Work to be completed: Pictures stay out of the copy. Retype exactly the lines below from the one with "- 전국 지하철 및 버스 연계 정보 확인 가능" through the one with "Set obsahuje všetky".
[Data records Boundary: Start]
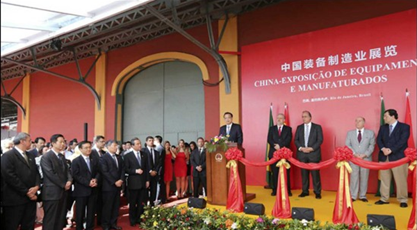 當(dāng)?shù)貢r(shí)間20日,李克強(qiáng)在里約熱內(nèi)盧州州長(zhǎng)佩藏和巴西外長(zhǎng)維埃拉的陪同下來(lái)到里約民港碼頭,參觀正在這里舉辦的中國(guó)裝備制造業(yè)展覽,并為展覽開幕剪彩。展覽包括鐵路及軌道交通、電力、通信、金融等10個(gè)板塊,代表國(guó)內(nèi)裝備制造業(yè)最高水平的30家中國(guó)企業(yè)參展。
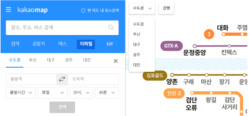 - 전국 지하철 및 버스 연계 정보 확인 가능
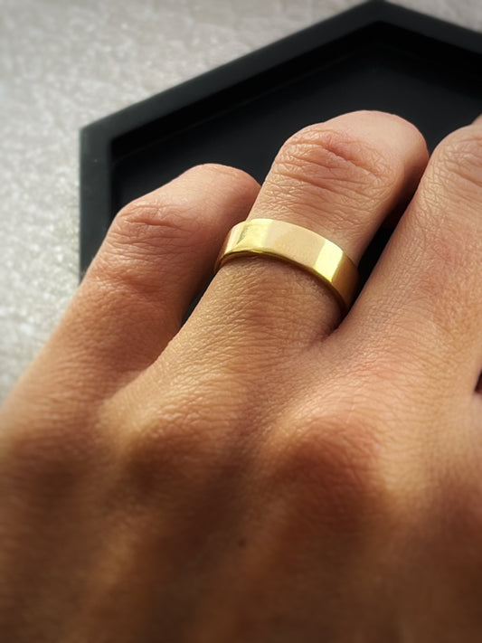 Solid 18ct yellow gold 5mm simple plain modern heavy recycled gold flat band ring
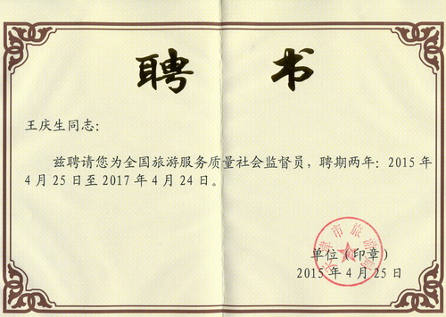 近日,商学院王庆生教授收到了“全国旅游服务质量社会监督员证”和天津市旅游局颁发的“全国旅游服务质量社会监督员聘书”,聘期两年。王庆生教授长期专注于旅游规划与开发领域教学与科研工作,是永利官网天津市品牌专业 - 旅游管理专业建设项目主持人,同时兼任中国旅游协会旅游教育分会理事、天津市旅游协会常务理事及旅游教育分会副会长,为市政府咨询专家库成员。此次受聘全国旅游服务质量社会监督员,将为永利官网旅游管理专业更好地服务社会以及扩大商大旅游专业影响力提供新的平台。
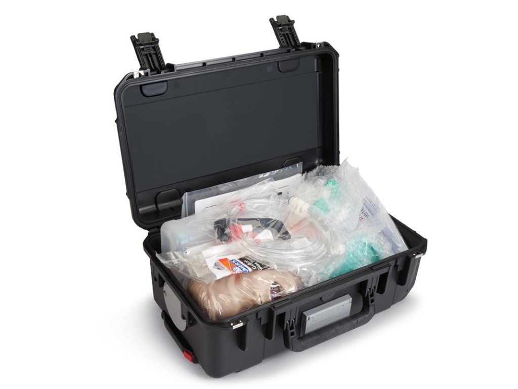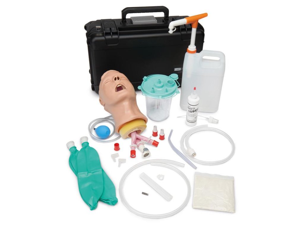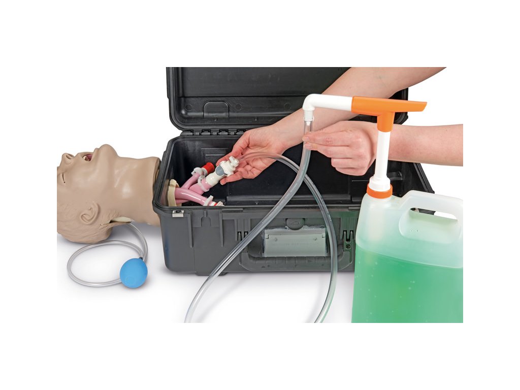 Set obsahuje všetky potrebné komponenty: hlava pre airway management, odsávací kanister, hadice, pumpa, simulované pľúca bez latexu, príslušenstvo na upevnenie a údržbu modelu, mazadlo, prepravný kufor.
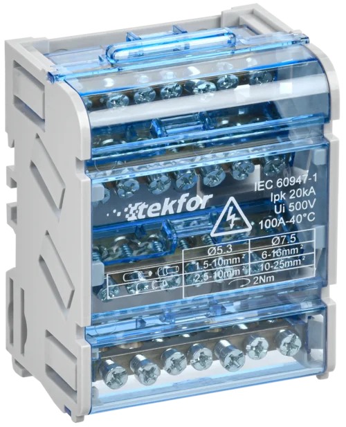 Токоведущие шины изготовлены из медно-цинкового сплава марки ЛС59 по ГОСТ 15527-2004.|Материал корпуса: пластик, не поддерживающий горение.|Возможность установки на DIN-рейку и на
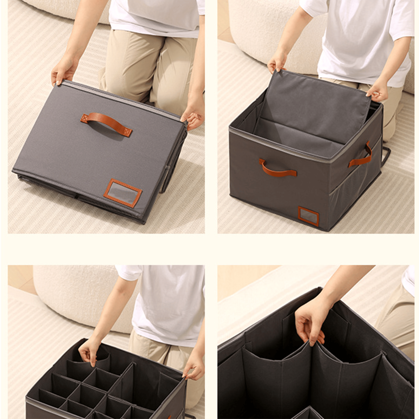 • Pull out from shelves, carry between rooms, or slide under beds
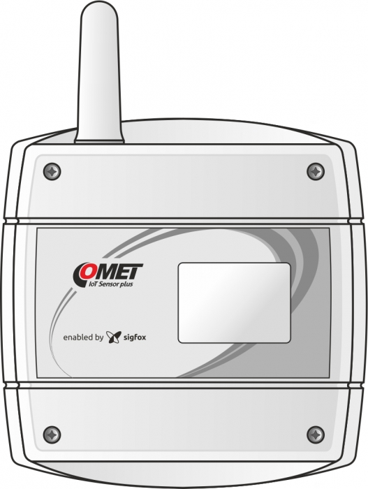 Přístroj může sledovat až 2 alarmové meze měřené veličiny. Překročení těchto mezí je indikováno zasláním mimořádné zprávy. COMET Cloud tuto alarmovou zprávu předá prostřednictvím e-mailu zvolenému uživateli. Přístroj je vhodný pro aplikace, které tolerují zpoždění informací doručovaných v síti Sigfox (max. 10 min).
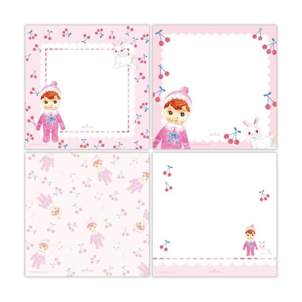 ピンクの背景とさくらんぼがラブリーなスクエアタイプのメモパッドです
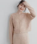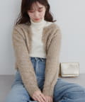 存在感のあるラメフィルムフェザー素材のコンパクトカーディガン。
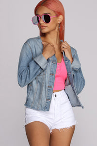 Add some chic edge to your look with this medium wash denim jacket! It features an unfinished edge rounded neckline, long sleeves with buttons to cuff, a complete button down front, top buttoned pockets, vertical seam detailing down the front, and a distressed and frayed hem. The jacket is composed of a jean fabric that offers no stretch.Model is 5'3" with a 32" bust, a 24.5" waist, and 35" hips. She is wearing a size small.
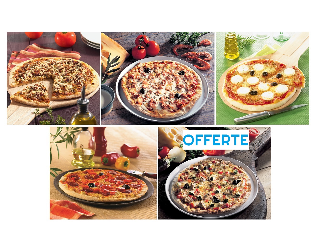 1 pizza bûche de chèvre miel, 1 pizza mozzarella pesto, 1 pizza pêcheur, 1 pizza crémière lardons et 1 pizza jambon fromage OFFERTE
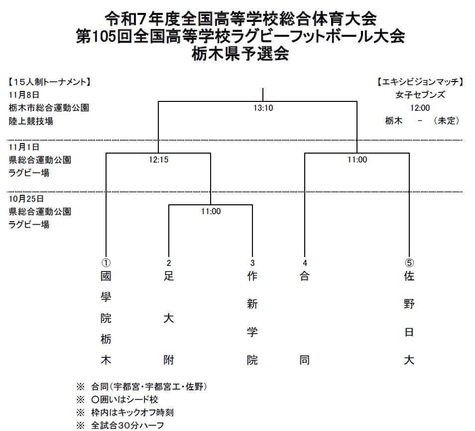 組合せ 全国高校ラグビー 栃木県予選 2025
[Data records Boundary: End]
Answer:
 - 전국 지하철 및 버스 연계 정보 확인 가능
 Solid 18ct yellow gold 5mm simple plain modern heavy recycled gold flat band ring
 近日,商学院王庆生教授收到了“全国旅游服务质量社会监督员证”和天津市旅游局颁发的“全国旅游服务质量社会监督员聘书”,聘期两年。王庆生教授长期专注于旅游规划与开发领域教学与科研工作,是永利官网天津市品牌专业 - 旅游管理专业建设项目主持人,同时兼任中国旅游协会旅游教育分会理事、天津市旅游协会常务理事及旅游教育分会副会长,为市政府咨询专家库成员。此次受聘全国旅游服务质量社会监督员,将为永利官网旅游管理专业更好地服务社会以及扩大商大旅游专业影响力提供新的平台。
 Set obsahuje všetky potrebné komponenty: hlava pre airway management, odsávací kanister, hadice, pumpa, simulované pľúca bez latexu, príslušenstvo na upevnenie a údržbu modelu, mazadlo, prepravný kufor.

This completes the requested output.